2. Clarify the meaning of the number of PCAs in Table 2. (b). Does "the number of PCAs" represent the number of features selected by PCA? If yes, the authors are encouraged to provide details of the selections and demonstrate the specific features selected. "The proposed model uses different PCAs with several selected features. In PCA, original variables are transformed into k variables called principal components. These variables capture data variance. The principal component analysis (PCA) reduces data dimensionality and detection patterns, but the resulting principal components are not always easy to interpret. Thus, it is difficult to determine what features have been identified."

 

Suggest adding this related  discussion into the manuscript.

 

3. Mention that quantum machine learning is a promising direction and suggest exploring if a quantum model can enhance the performance of the intrusion detection system to detect various attack types.  To let the reader understand the relevant background and development dirction, the authors can make some discussion.

•  

 Minor editing of English language required

Author Response

1. However, the compared work[17] has less  selected features. We can deduce that the advantages of authors’ method merely orginite form using more features in PCA.	A proposed model based on 15 features achieved 94% accuracy compared to a model based on the same number of features in [17], which achieved 90% accuracy.
2. Suggest adding this related  discussion into the manuscript.	Done
3. Mention that quantum machine learning is a promising direction and suggest exploring if a quantum model can enhance the performance of the intrusion detection system to detect various attack types. To let the reader understand the relevant background and development direction, the authors can make some discussion.	As quantum machine learning appears to have considerable promise, it may be possible in the future to improve the performance of the intrusion detection system by using a quantum approach in order to detect various types of attacks. Future research should explore whether this could be achieved.

Reviewer 3 Report

1. The format of the references in the re-uploaded manuscript is still inconsistent. For example, the journal names in references 8 and 14 are abbreviated, while the first letters of the journal names in references 10 and 31 are not capitalized, while others are capitalized.

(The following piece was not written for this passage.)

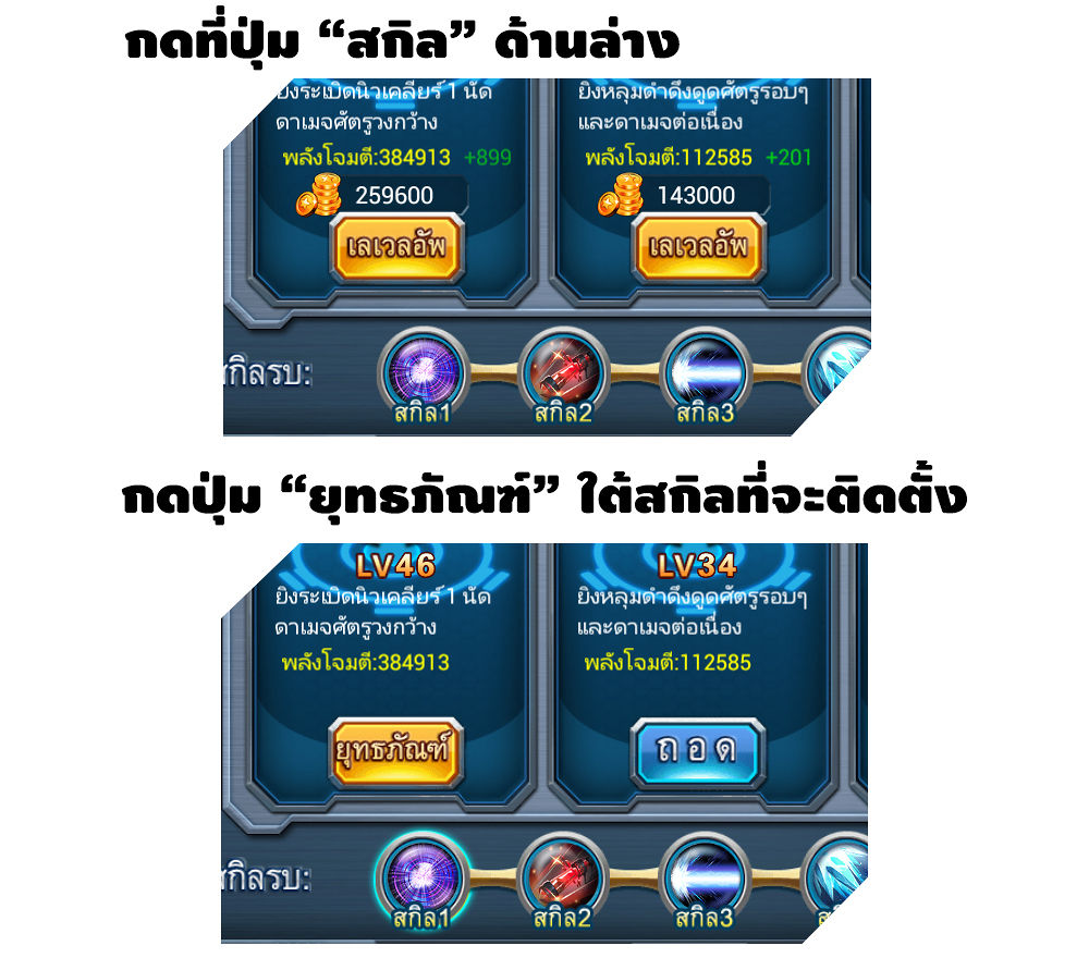 ในการติดตั้งสกิลนั้น ให้เรากดที่ปุ่ม "สกิลรบ" ด้านล่าง จากนั้นกดปุ่ม "ยุทธิภัณฑ์" ด้านล่างสกิลที่ต้องการใช้งาน เสร็จแล้วกดปุ่ม "บันทึก" ที่มุมขวาล่าง เป็นอันเสร็จสิ้นจ้าา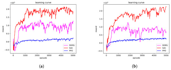 In this article, we utilize three currently mainstream reinforcement learning algorithms (SAC algorithm, DDPG algorithm, and PPO algorithm) to solve the drone swarm rounding-up problem. It should be noted that we ensured that the three algorithm training strategies achieved convergence. Based on the reward function mentioned in the previous article, we measured the rewards obtained by the five drones in each episode and drew a learning curve to evaluate whether the five drones could perform better in the current policy network. During the training process, the fluctuations in the reward function curve were normal. These fluctuations typically arise from the algorithm’s exploratory phase, where various action combinations are attempted; the complexity of the tasks being tackled; the inherent randomness of the environment; and the non-linear nature of the problems being addressed. As shown in Figure 6, the polyline represents the cumulative rewards obtained by the five drones in the current mission space at the end of each episode of training, where (a) is the learning curve of fixed-point rounding-up, and (b) is the learning curve of dynamic rounding-up. As can be seen from Figure 6, under the same important parameter settings, whether it is a static tail scene or a dynamic rounding-up scene, the SAC algorithm can obtain higher rewards than the DDPG algorithm and the PPO algorithm.

2. The manuscript still lacks sufficient introduction and comparison of references. Please search for the latest relevant literature using “intrusion detection system” and “Average-of-Probabilities” as keywords, and introduce or compare them to highlight the novelty of the manuscript’s work.

3. The meaning of DR in Table 2 is still not clearly introduced.

Author Response

1. The format of the references in the re-uploaded manuscript is still inconsistent. For example, the journal names in references 8 and 14 are abbreviated, while the first letters of the journal names in references 10 and 31 are not capitalized, while others are capitalized.	All references have been checked and corrected.
2. The manuscript still lacks sufficient introduction and comparison of references. Please search for the latest relevant literature using “intrusion detection system” and “Average-of-Probabilities” as keywords, and introduce or compare them to highlight the novelty of the manuscript’s work.	IDS average-of-probability is another study goal that requires a research paper in this field.
3. The meaning of DR in Table 2 is still not clearly introduced.	Detection Rate (DR) has been added in the text.